Use a graphing utility with a viewing rectangle large enough to show end behavior to graph each polynomial function. $$f(x)=-x^{4}+8 x^{3}+4 x^{2}+2$$

Short Answer

Expert verified
The graph of the function \(f(x) = -x^{4} + 8x^{3} + 4x^{2} + 2\) starts from the top left (positive infinity), turns at points (0, 2) and (2, 10), and ends towards bottom right (negative infinity).

Step by step solution

01

Define the Function

The polynomial given is \(f(x)=-x^{4}+8 x^{3}+4 x^{2}+2\). The degree of this polynomial is 4, which means it will have a few changes in direction if we look at its graph.
02

Identify Key Points

Find the derivative of the function to locate any critical points or inflection points. The derivative of the function is \(f'(x)=-4x^{3}+24x^{2}+8x\). Set this to zero to find the x-values where the graph changes direction.
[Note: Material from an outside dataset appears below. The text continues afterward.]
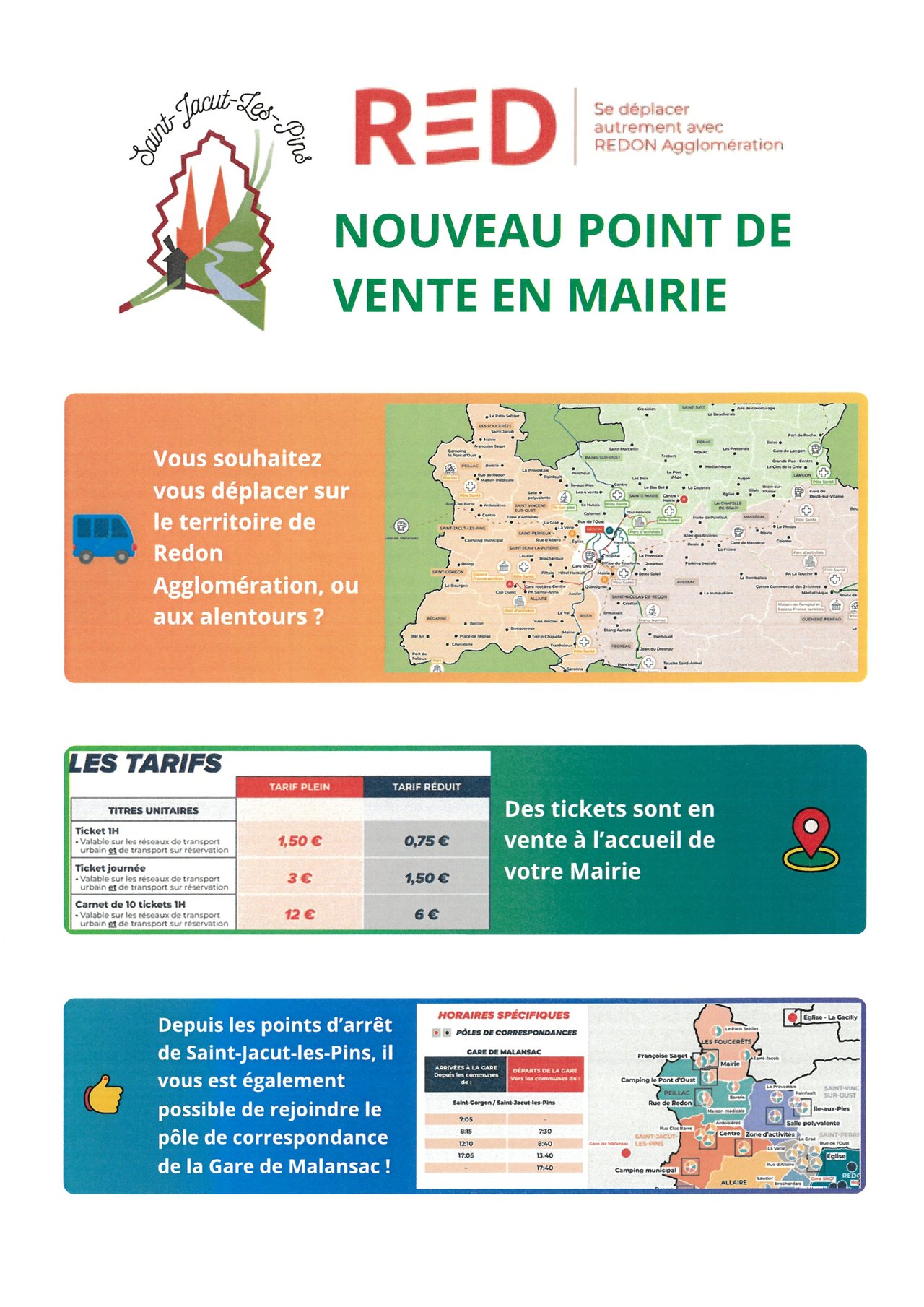 La vente des tickets se fait en Mairie, cependant, pour la réservation du Transport, merci de contacter le RED du lundi au vendredi de 9 h 00 à 17 h 00 au 02.30.24.25.26 ou par mail à l'adresse reservation@red.bzh (à minima la veille pour le lendemain)

Solving the equation \(-4x^3 + 24x^2 + 8x = 0\) for x gives the roots as \(x=0\) and \(x=2\), which would be the turning points of the graph.
03

Determine End Behavior

As the degree of the polynomial is even and the leading coefficient is negative, then the function will rise to the left and fall to the right. Therefore, the graph starts from positive infinity when \(x \to -\infty\) and decrease to negative infinity when \(x \to \infty\). This determines the end behavior of the function.
04

Sketching the Graph

Using the key points and end behavior deduced above, you can sketch the graph. The graph should pass through the points (0, 2) and (2, 10) (points obtained from substituting the solutions for x obtained at step 2 into the function), and displayed end behavior of starting from the top left (positive infinity), turning at (0, 2) , turning at (2, 10) and finally ending towards bottom right (negative infinity).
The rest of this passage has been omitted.